The server hardware is: P4-Xeon-2.4G*2, 4G RAM(DDR266), 146G*2 on asr(4)
RAID-1. The kernel is not quite different from GENERIC, except that we have
AUTO_EOI1 enabled. When PAE is enabled, then the kernel will not recognize
the asr(4) device, and thus would refuse to boot from it, so we have it
disabled.
This problem afffects 4.9-RELEASE and 5.1-RELEASE. As the ICP is a
conservative user, they will not run -STABLE, nor -CURRENT. I have turned
the debugging symbols on their server and grabbed the following backtraces.
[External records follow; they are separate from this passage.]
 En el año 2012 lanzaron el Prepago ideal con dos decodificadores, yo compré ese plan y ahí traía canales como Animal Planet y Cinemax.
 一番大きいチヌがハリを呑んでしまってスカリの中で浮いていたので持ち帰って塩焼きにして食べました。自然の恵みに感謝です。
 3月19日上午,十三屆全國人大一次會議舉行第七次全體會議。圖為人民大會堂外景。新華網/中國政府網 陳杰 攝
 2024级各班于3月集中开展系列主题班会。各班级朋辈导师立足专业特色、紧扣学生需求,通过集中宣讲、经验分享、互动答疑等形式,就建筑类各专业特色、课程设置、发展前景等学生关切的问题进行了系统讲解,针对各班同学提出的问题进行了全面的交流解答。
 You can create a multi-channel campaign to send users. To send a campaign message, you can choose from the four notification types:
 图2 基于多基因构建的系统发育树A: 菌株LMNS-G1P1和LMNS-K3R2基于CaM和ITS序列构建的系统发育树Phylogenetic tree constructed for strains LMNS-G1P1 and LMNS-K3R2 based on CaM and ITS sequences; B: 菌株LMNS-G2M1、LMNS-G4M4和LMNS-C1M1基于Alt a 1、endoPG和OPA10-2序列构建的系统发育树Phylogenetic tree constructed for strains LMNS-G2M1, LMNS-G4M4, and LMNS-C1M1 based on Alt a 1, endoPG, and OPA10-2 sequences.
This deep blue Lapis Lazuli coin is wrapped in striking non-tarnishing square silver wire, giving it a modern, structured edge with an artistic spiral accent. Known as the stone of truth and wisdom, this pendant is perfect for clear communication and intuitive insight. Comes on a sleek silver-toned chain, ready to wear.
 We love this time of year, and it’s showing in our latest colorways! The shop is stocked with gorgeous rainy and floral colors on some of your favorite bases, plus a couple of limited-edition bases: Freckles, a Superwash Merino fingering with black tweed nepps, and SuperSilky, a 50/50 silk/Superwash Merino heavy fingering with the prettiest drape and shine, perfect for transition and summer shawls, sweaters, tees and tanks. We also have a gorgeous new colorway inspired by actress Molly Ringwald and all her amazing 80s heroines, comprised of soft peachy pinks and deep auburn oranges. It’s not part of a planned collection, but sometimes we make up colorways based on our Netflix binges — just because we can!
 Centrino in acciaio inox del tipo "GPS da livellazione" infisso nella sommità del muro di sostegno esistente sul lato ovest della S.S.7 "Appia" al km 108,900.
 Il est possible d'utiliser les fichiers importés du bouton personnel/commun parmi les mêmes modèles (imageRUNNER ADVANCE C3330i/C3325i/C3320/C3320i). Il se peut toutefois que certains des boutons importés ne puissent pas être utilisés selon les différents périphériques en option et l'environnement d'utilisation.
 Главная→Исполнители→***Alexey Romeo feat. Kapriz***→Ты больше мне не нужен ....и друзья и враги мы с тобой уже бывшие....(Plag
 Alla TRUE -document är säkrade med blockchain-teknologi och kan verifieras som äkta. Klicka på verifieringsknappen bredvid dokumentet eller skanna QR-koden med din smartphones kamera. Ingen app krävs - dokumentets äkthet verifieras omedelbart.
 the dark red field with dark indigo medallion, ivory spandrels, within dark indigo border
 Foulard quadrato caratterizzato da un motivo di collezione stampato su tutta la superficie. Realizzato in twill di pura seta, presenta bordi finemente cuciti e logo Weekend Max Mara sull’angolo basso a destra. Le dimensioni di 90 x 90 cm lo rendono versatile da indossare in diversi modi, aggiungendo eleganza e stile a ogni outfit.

Also, I have found how to reproduce this problem on a machine running with >
4GB memory without a PAE configuration, which, in my opinion, should not
cause a kernel panic because it's just a resource hungry program and all it
will do should, at most, hang the system, or even being killed directly by
the operating system.
-----------------------------------------------------------------------
#include <stdio.h>
#include <stdlib.h>
#include <sys/types.h>
#include <unistd.h>
int main()
{
char* s;
int p;
int d;
d = 4096;
for(;d>0;d--)
{
p=fork();
if(p==0)
{
s=malloc(1024*1024);
if(s==NULL)
printf("Pid %d malloc(1024*1024) failed\n",getpid());
else
memset(s,0,1024*1024);
while(1);
}
else if(p==-1)
printf("Fork() %d failed\n",d);
else
continue;
}
return 0;
}
-----------------------------------------------------------------------
Unfortuantelly, this will cause panic after a short while. We got these
backtrace:
gdb /usr/src/sys/compile/DELPHIJ/kernel.debug -k vmcore.2
GNU gdb 4.18 (FreeBSD)
Copyright 1998 Free Software Foundation, Inc.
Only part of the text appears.